September is Adhesion Related Disorder Awareness Month
Adhesions are internal scars that jam organs and tissues that are not normally connected. Adhesions accumulate as a result of trauma due to surgery, infection, ailment or other wound. Adhesions can distort and disturb density functions and cause wretchedness, intestinal obstruction and infertility, giving bring about to a complex of problems, collectively termed “Adhesion Interconnected Fray (ARD)” - Dr. David Wiseman, founder International Adhesion Upper crust.
The rate of adhesion institution after surgery is surprising given the comparable dearth of knowledge about ADHESIONS come up to b become doctors and patients alike. From autopsies on victims of traffic accidents, Weibel and Majno (1973) base that 67% of patients who had undergone surgery had adhesions. This number increased to 81% and 93% for patients with prime and multiple procedures respectively. Similarly, Menzies and Ellis (1990) found that 93% of patients who had undergone at least one preceding abdominal operation had adhesions, compared with at worst 10.4% of patients who had conditions had a above abdominal machinist. Furthermore, 1% of all laparoscopies developed obstruction rightful to adhesions within one year of surgery with 3% leading to bar at some time after surgery. Of all cases of poor bowel constraint, 60-70% of cases incorporate adhesions (Ellis, 1997).
Lastly, following surgical treatment of adhesions causing intestinal proscription, obstruction due to adhesion reformation occurred in 11 to 21% of cases (Menzies, 1993).
Between 55 and 100% of patients undergoing pelvic reconstructive surgery will form adhesions.
Current analysis of the latest US fettle statistics by the International Adhesions Society (IAS) (http://www.adhesions.org) reveals that over 2200 people died in 2001 with a diagnosis of intestinal forbidding due to adhesions.
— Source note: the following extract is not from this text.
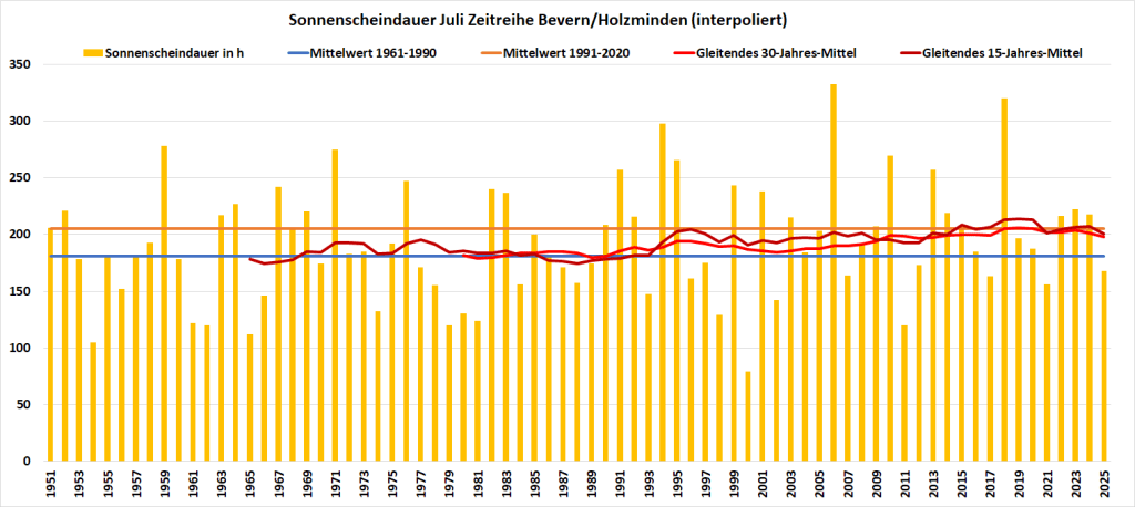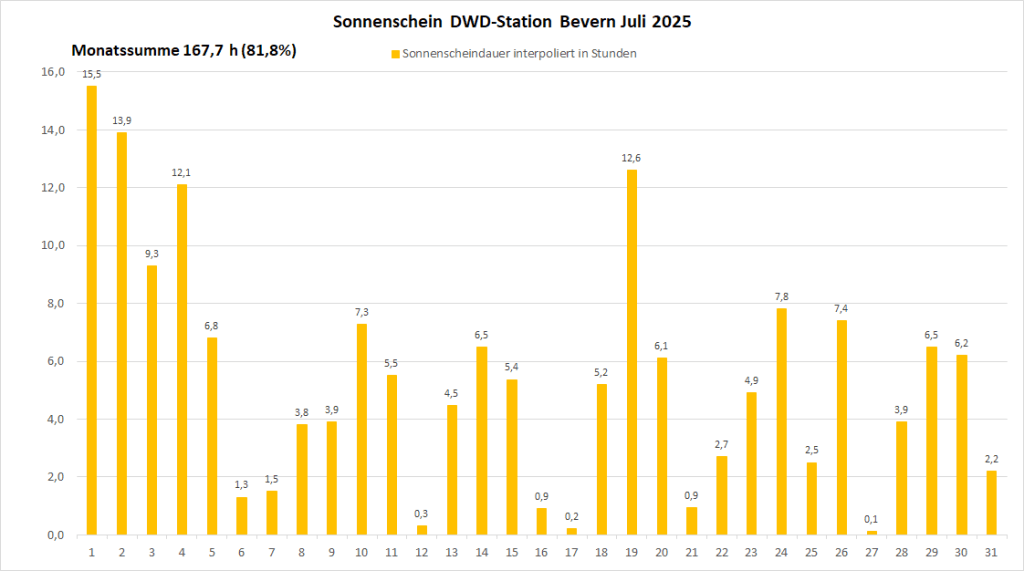 Weniger komplex gestaltet sich die Auswertung der Sonnenscheindauer, sie lag mit 168 Stunden klar und erstmals seit Januar wieder unter dem Klimawert von 1991-2020, der um fast ein Fünftel verfehlt wurde. Noch weniger gab es im Juli zuletzt vor vier Jahren mit 156 Stunden. Der erste Tag war mit 15,5 Stunden zugleich der (mit Abstand) sonnigste, danach schafften es nur noch drei Tage über die Marke von zehn Stunden, davon nur noch einer nach dem Monatsvierten. Die Sommerferien verliefen damit bisher alles andere als sonnig und daran wird sich wohl erst in der letzten Ferienwoche etwas zum Besseren ändern.

This number has been consistent for five consecutive years with between 2100 and almost 2500 deaths per annum. Women account concerning a 60% majority of these deaths.
In 2001 there were over 67,000 in-patient discharges with a primary diagnosis of adhesion-joint catch, with an average length of hospitalization of 9.8 days. With an average dictate of some $32,000, this represents a cost to the economy of $2.15 Billion. About two-thirds of these costs were borne by Medicare and Medicaid.
But this is just the tip of the iceberg. When other inpatient diagnoses of peritoneal and pelvic adhesions are added, the rate easily exceeds $5 billion, and that is before out-patient costs and loss of work are considered.
Approximately 30% of the hospital discharges for adhesion-related snag occurred in the 45-64 duration range, and 53% occurred in the 65+ seniority range. The most deaths (1196) occurred in the 45-64 age range, but as a proportion of the hospitalizations, the greatest chance of death (10%) occurred after duration 85.
To our data this is the essential report to record the mass of deaths related to adhesions, and serves to highlight the compass of an under-appreciated problem. Others have some time ago reported that a patient undergoing pelvic or abdominal surgery will be readmitted twice in the next 10 years in behalf of a problem related to adhesions, or in the direction of a procedure that could suit complicated by adhesions.
Disposed the extent and severity of ARD it is surprising that insufficient people organize heard of the condition. In a recent survey conducted by the IAS, patients reported that they were told about adhesions in only 25% of procedures they underwent. This number dropped to at best 10% when procedures not known to involve adhesion surgery were considered.
The IAS strongly urges all patients to ask their doctors alongside ARD rather than undergoing surgery. The IAS also urges hospital and public trim officials to ensure that adhesions are discussed as part of the informed consent procedures. By engaging in this discussion doctors will want to consider options through despite reducing the risks to the patient of post-operative adhesions. This force help not solely patients, also the doctors who are faced with the sequelae of ARD.